+++ DATA PROVIDED +++

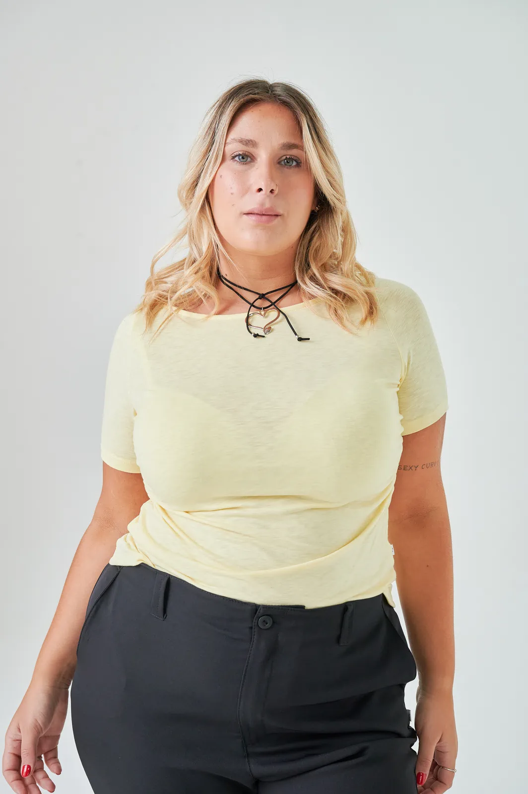 La remera AZAHAR de Entro Talles Grandes está confeccionada en jersey y lleva frunces laterales que generan volumen controlado sobre los costados. A diferencia de la TANI —que trabaja la sisa— la AZAHAR frunce
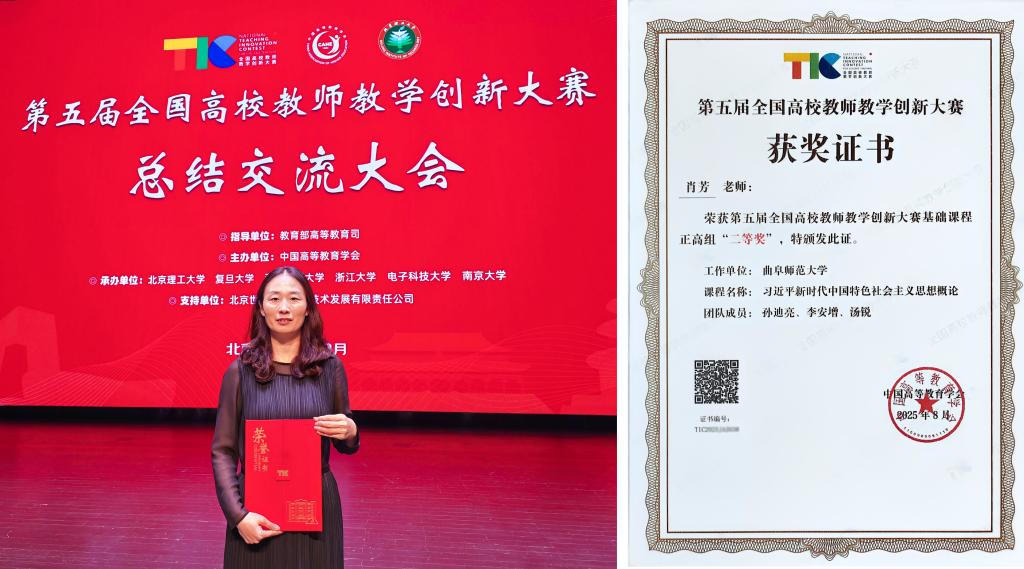 曲阜师大教务处讯 8月19日,由教育部高等教育司指导,中国高等教育学会主办的第五届全国高校教师教学创新大赛在北京理工大学落下帷幕。开云手机入口马克思主义学院肖芳教授(团队)脱颖而出,斩获二等奖,这是学校教师再次在该项赛事中获奖,展现了曲师大教师深厚的专业素养和卓越的育人水平。
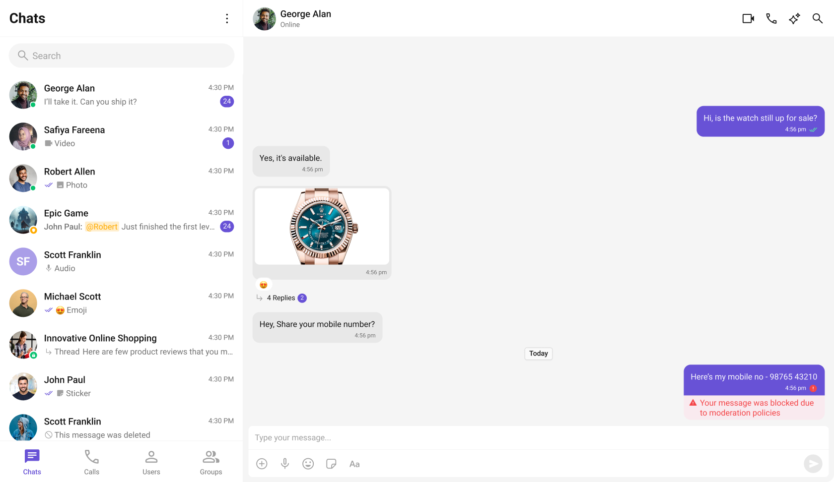 CometChat’s Message Moderation feature helps maintain a safe and respectful chat environment by automatically filtering and managing inappropriate content. Messages can be automatically blocked or flagged based on predefined rules, ensuring harmful content is handled before it reaches users.
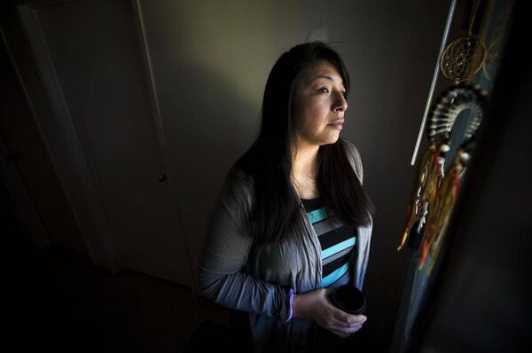 Chrystal Tabobandung, 36, a mom of Ojibwa descent is pictured in her apartment in Surrey, British Columbia on February 17, 2015.Ben Nelms

+++

TASK DESCRIPTION: What you give back should be exactly the lines from the top of the data above down to and including the line with "曲阜师大教务处讯 8月19日", minus any pictures.

ANSWER AREA:
 La remera AZAHAR de Entro Talles Grandes está confeccionada en jersey y lleva frunces laterales que generan volumen controlado sobre los costados. A diferencia de la TANI —que trabaja la sisa— la AZAHAR frunce
 曲阜师大教务处讯 8月19日,由教育部高等教育司指导,中国高等教育学会主办的第五届全国高校教师教学创新大赛在北京理工大学落下帷幕。开云手机入口马克思主义学院肖芳教授(团队)脱颖而出,斩获二等奖,这是学校教师再次在该项赛事中获奖,展现了曲师大教师深厚的专业素养和卓越的育人水平。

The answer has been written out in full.